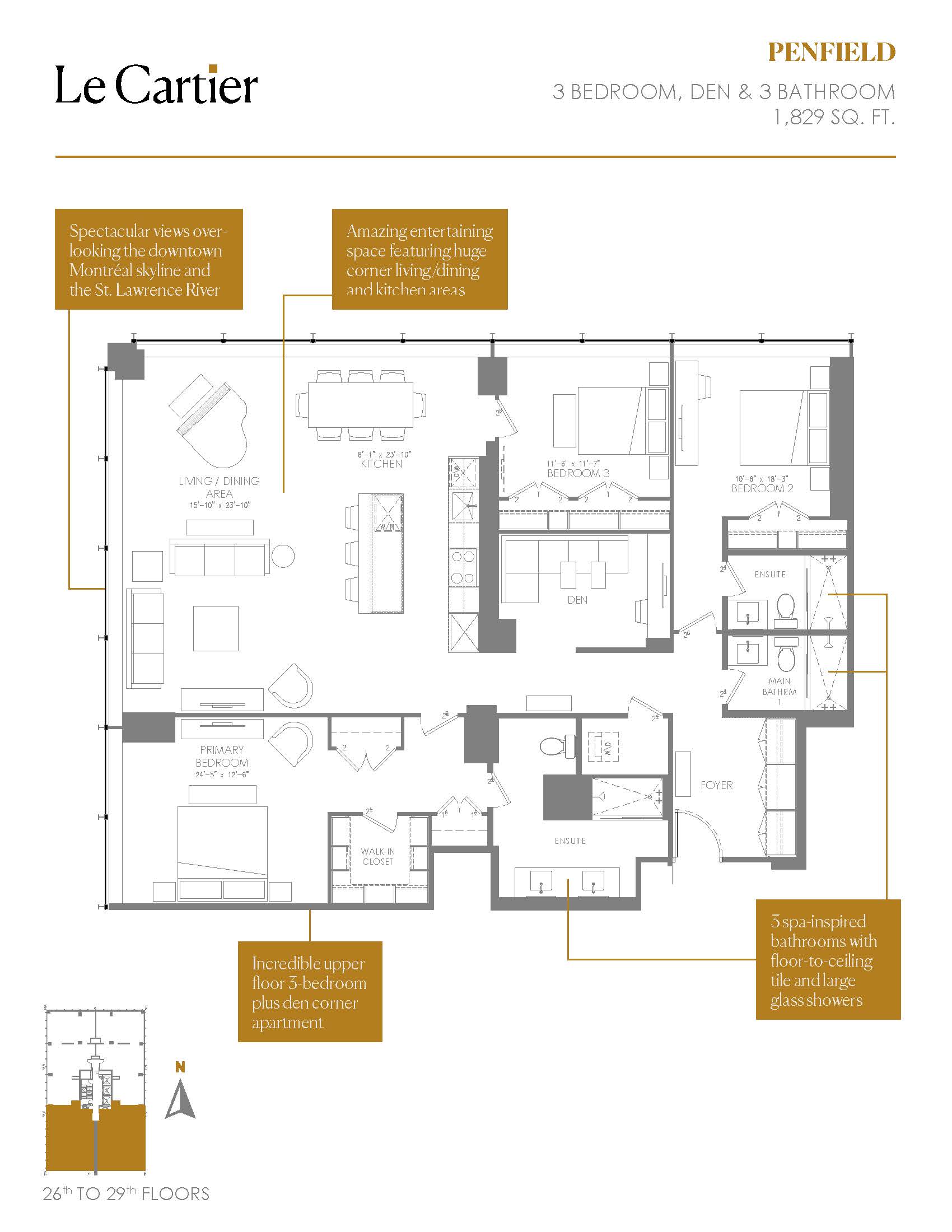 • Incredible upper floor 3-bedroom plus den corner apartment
+++
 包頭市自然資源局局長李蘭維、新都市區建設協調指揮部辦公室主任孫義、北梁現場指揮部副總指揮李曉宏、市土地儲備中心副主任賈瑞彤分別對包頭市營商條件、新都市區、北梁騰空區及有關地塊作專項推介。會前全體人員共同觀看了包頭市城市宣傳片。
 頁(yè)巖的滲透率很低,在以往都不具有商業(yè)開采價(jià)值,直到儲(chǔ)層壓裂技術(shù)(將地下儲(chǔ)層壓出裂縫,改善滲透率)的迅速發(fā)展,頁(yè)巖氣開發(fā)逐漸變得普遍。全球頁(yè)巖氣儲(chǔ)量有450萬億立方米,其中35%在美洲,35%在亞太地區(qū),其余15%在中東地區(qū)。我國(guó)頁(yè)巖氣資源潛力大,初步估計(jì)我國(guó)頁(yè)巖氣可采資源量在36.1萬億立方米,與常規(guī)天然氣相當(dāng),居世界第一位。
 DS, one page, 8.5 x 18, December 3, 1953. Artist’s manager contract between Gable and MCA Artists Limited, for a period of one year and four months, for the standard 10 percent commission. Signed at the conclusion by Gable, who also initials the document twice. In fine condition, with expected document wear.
+++
__WORK REQUIRED__: Above are the records; copy exactly the lines from the line with "頁(yè)巖的滲透率很低,在" through the line with "DS, one page, 8.5", both included.

__EXERCISE ANSWER__:
 頁(yè)巖的滲透率很低,在以往都不具有商業(yè)開采價(jià)值,直到儲(chǔ)層壓裂技術(shù)(將地下儲(chǔ)層壓出裂縫,改善滲透率)的迅速發(fā)展,頁(yè)巖氣開發(fā)逐漸變得普遍。全球頁(yè)巖氣儲(chǔ)量有450萬億立方米,其中35%在美洲,35%在亞太地區(qū),其余15%在中東地區(qū)。我國(guó)頁(yè)巖氣資源潛力大,初步估計(jì)我國(guó)頁(yè)巖氣可采資源量在36.1萬億立方米,與常規(guī)天然氣相當(dāng),居世界第一位。
 DS, one page, 8.5 x 18, December 3, 1953. Artist’s manager contract between Gable and MCA Artists Limited, for a period of one year and four months, for the standard 10 percent commission. Signed at the conclusion by Gable, who also initials the document twice. In fine condition, with expected document wear.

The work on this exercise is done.